The American Federation of Government Employees said the changes would be a "$27 billion hit" to federal employees.
Another federal employee union said the changes to retirement benefits would be the "difference between keeping a roof over their heads and going into foreclosure," according to an emailed statement from the National Federation of Federal Employees.
"Even when factoring in the proposed 0.5 percent pay increase for 2013, the increased retirement contributions are a losing proposition for federal workers," the NFFE statement said. The union added, "This results in a net 0.1 percent pay increase, amounting to a total of $50 for the year, or $4.16 each month. After adjusting for inflation, this turns into a third year of net pay loss for federal employees."

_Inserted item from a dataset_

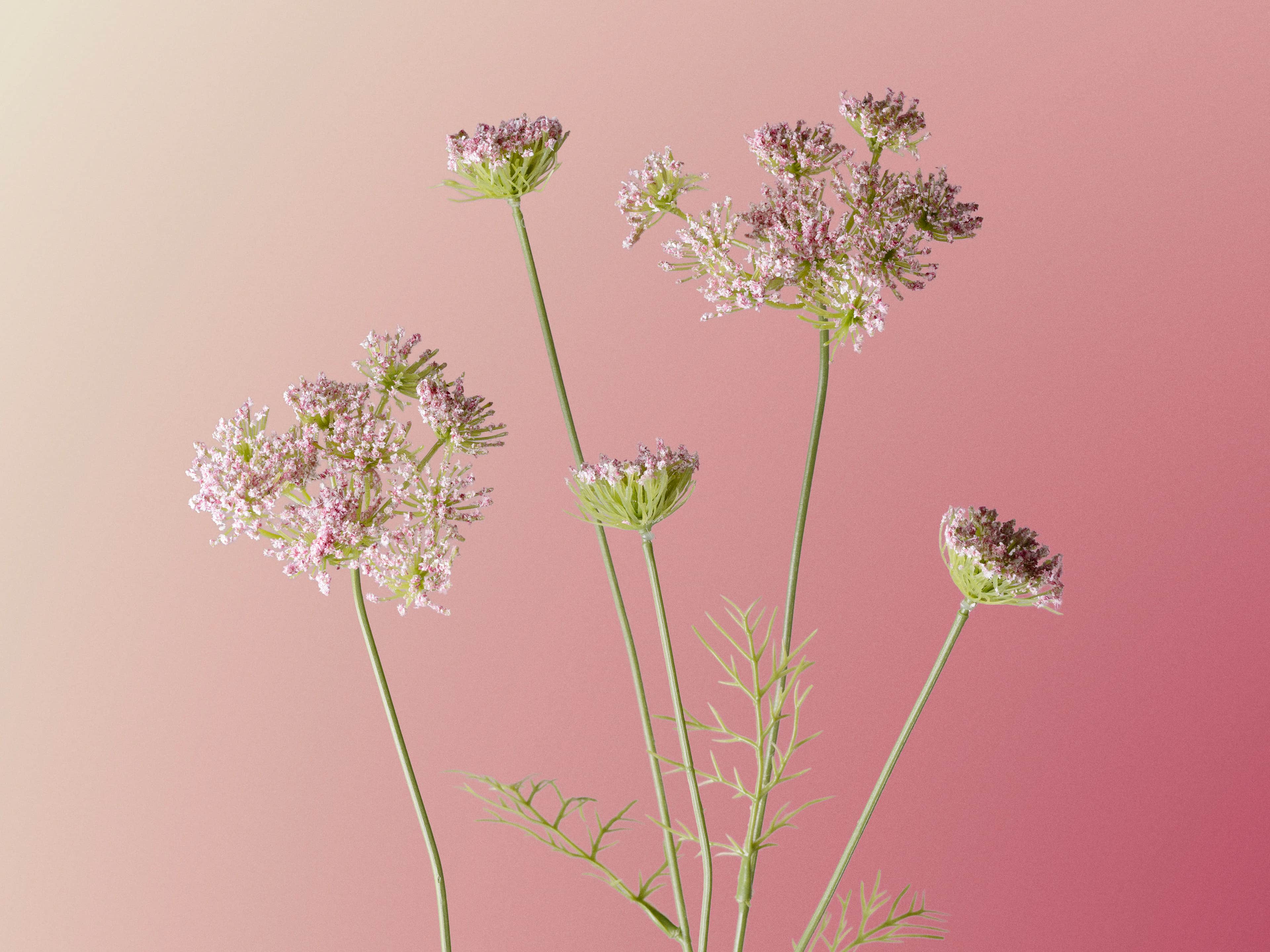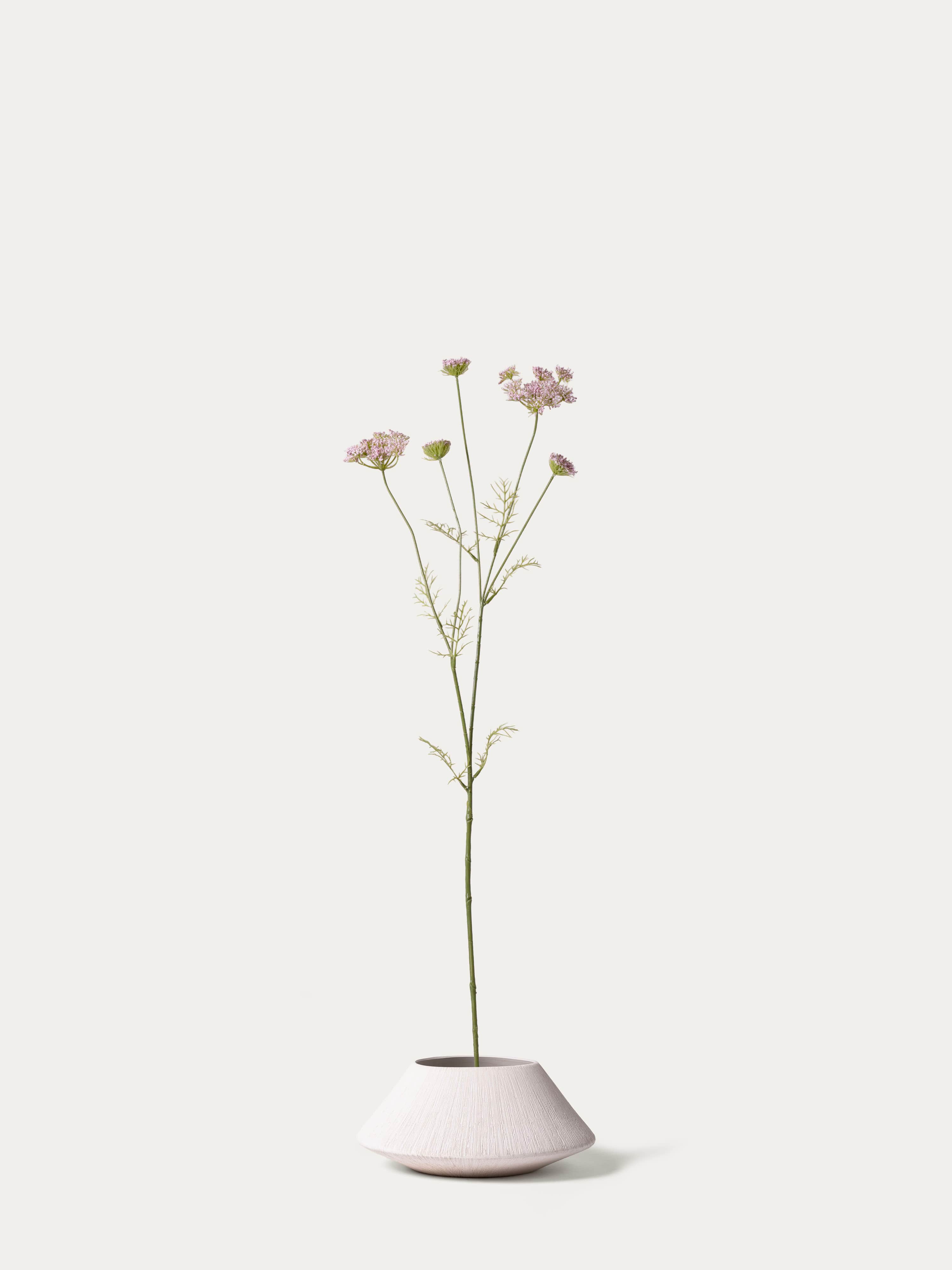 Een speels veldboeket waarin levendige kleuren samenkomen met een onverwachte vaaskeuze: een diepblauwe stenen vaas. Blauwe delphinium, gele dahlia en roze klaproos zorgen voor een dynamisch contrast.
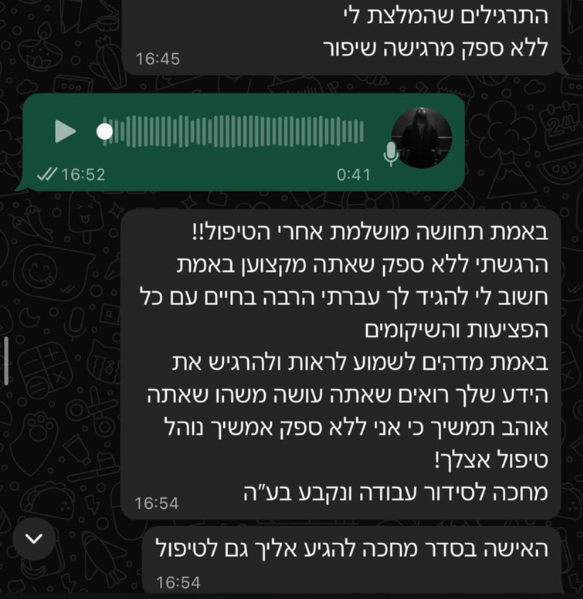 יאאא חיים שלי אתה ברור מה!! ואני רציתי להגיד לך שמה שאמרתי בסוף אני לוקחת חזרה על הריג׳קטים אני חושבת שאיך שעשית זה היה בדיוק במינון הנכון של החוזקה כנראה שלא תמיד חייבים להרגיש כאבים (אתה בטח יודע יותר טוב ממני) כדי להרגיש שעשיתי עיסוי בפעם שעברה שעשיתי עשו לי כלכך חזק שזה שבר אותי לאיזה שבוע ובגלל זה פחדתי לעשות שוב ועכשיו אחרי הטיפול שלך אני ממש מרגישה שינוי לטובה ובנתיים ללא כאבים בכלל ממה שהיה ואיזה כיף לי להבין שאפשר גם להנות מזה אמרתי לך שיש לך ידיי קסם! תמשיך כמו שאתה ואני בטוחה במליון אחוז שאתה תצליח יותר ויותר! אז תודה לך🫶🏼

The National Treasury Employees Union issued a statement stating it was "disappointed" with the pension contribution proposal.
"While this proposal is similar to the one submitted by the White House to the super committee last fall, it nonetheless fails to recognize the $60 billion contribution to deficit reduction already being made by the federal workforce through the two-year pay freeze," said NTEU President Colleen Kelley in a statement.
The Federal Managers Association also spoke out against the pension contribution increase.
"While Congress is simultaneously debating how to put more money into the paychecks of American citizens, it is incomprehensible that the same rationale does not apply to federal employees," said FMA National President Patricia Niehaus in a statement.
The President's budget request acknowledged the ongoing debate on the federal vs. private sector pay gap. A Congressional Budget Office report released last month found federal employees earn 16 percent more in pay and benefits compared with their private sector counterparts. However, this gap depended on the educational level, and in fact federal employees who had advanced degrees made less than their private sector counterparts.
The administration's budget request noted the type of work federal employees do has changed drastically over time. For example, the proportion of the workforce that does blue-collar work fell from 22 percent in 1981 to 9.7 percent in 2011.